Maojia Song*, Yihuai Lan*, Yuhao Wu*#, Lei Wang†, Zhiqiang Hu, Yao Xiao, Heng Zhou, Weihua Zheng, Dylan Raharja, Soujanya Poria†, Roy Ka-Wei Lee†
* Equal contribution | # Project Leader | † Advisor
Understanding the physical structure is essential for real-world applications such as embodied agents, interactive design, and long-horizon manipulation. Yet, prevailing Vision–Language Model (VLM) evaluations still center on structure-agnostic, single-turn setups (e.g., VQA), which fail to assess agents' ability to reason about how geometry, contact, and support relations jointly constrain what actions are possible in a dynamic environment.

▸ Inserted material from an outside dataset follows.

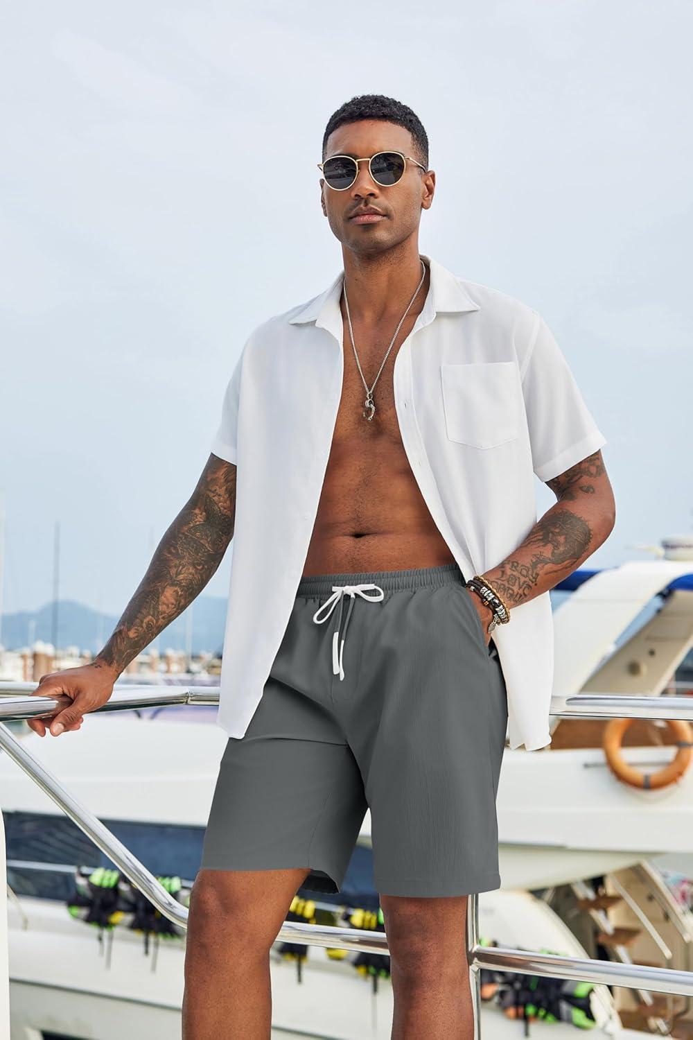 COOFANDY Men’s Casual Shorts Drawstring Summer Beach Shorts Lightweight Elastic Waist Vacation Short with Pockets(Dark Gray)

To address this gap, we introduce the Causal Hierarchy of Actions and Interactions (CHAIN) benchmark — an interactive 3D, physics-driven testbed designed to evaluate whether models can understand, plan, and execute structured action sequences grounded in physical constraints. CHAIN shifts evaluation from passive perception to active problem solving, spanning tasks such as interlocking mechanical puzzles and 3D stacking and packing.
Our results show that top-performing models still struggle to internalize physical structure and causal constraints, often failing to produce reliable long-horizon plans and cannot robustly translate perceived structure into effective actions.
CHAIN comprises 109 distinct interactive levels across two task families, each stressing complementary aspects of structured physical reasoning.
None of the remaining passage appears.